Часть 1
2 января 2024 г. в 17:01
Примечания:
Эта сцена не выходит из моей головы.
Вообще, это должно быть частью того моего фика "крупицы черного", но боги даже не знают, дойду ли я до него, поэтому, вот.
Немного дарк!Шан Цинхуа. У него апатия и депрессия, по нему тут это видно.
Просто разговор Создателя и его Творения, как обычно.
Он думал об этом, когда оказался в своём мире; в месте, где он создал как людей, так и их невзгоды; он думал, что однажды может оказаться по другую сторону от Синьмо, с его главным героем, его сыном, сжирамым яростью к нему и изнеможденно спрашивающего его: почему?
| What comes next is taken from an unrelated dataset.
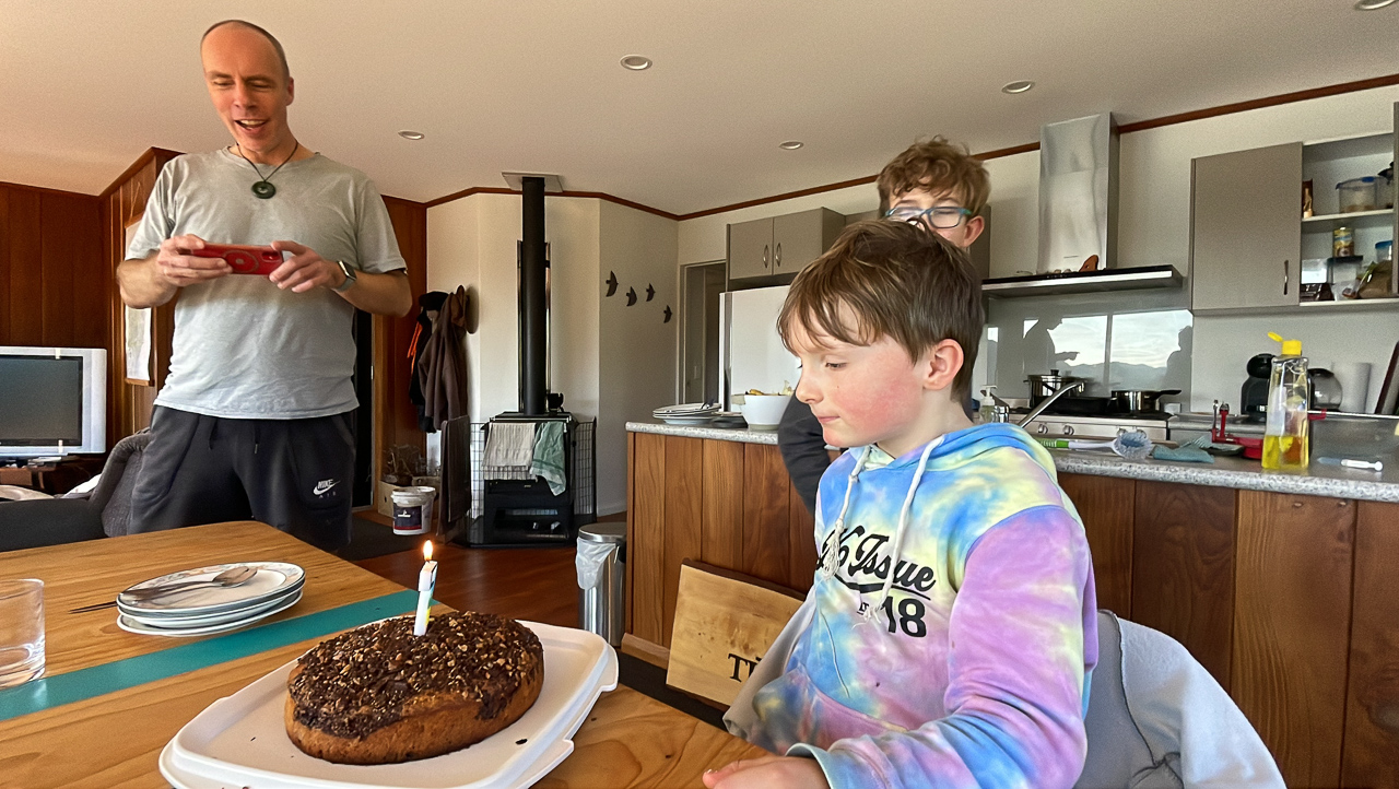 53. Enfin, il y a l'anniversaire "famille", qui se passe, hasard du calendrier, a d'Urville, comme pour Adan au mois d'Avril. Ca commence par un chocolat chaud au lit!

Какой хороший вопрос, — думает Шан Цинхуа… нет, Самолёт, Стреляющий в Небо, без страха, который, на самом деле, должен быть у него, но его нет. Он чувствует себя знакомо пустым, когда смотрит на Ло Бинхэ, на своего Ло Бинхэ; на императора, на победителя, на самого любимого и самого одинокого человека или же демона, которого он создал.
Его непеределаное никем другим Творение.
— Отвечай мне, — приказывает Ло Бинхэ, и чёрный меч надавливает на его шею; кровь течет горячая на его холодной коже; Самолёт всё ещё не может найти в себе страха.
Ло Бинхэ, с другой стороны, выглядит преданным.
Интересно, каково это знать, что ты сначала был создан для страданий, а затем для того, чтобы удовлетворять запросы извращенцев, набирая себе бесконечный гарем; какая-то часть его думает, что Огурец-бро мало чем отличается ото всех других, кто платил ему деньги за это, его друг любил не жён его сына, но его самого, и есть ли разница, если смотреть на это с точки зрения Самолёта? На самом деле, нет.
— Ты не хочешь знать ответа, — говорит он вместо этого, его горло двигается, лезвие впивается чуть-чуть глубже; это странно, он не чувствует боли; словно это происходит с кем-то другим.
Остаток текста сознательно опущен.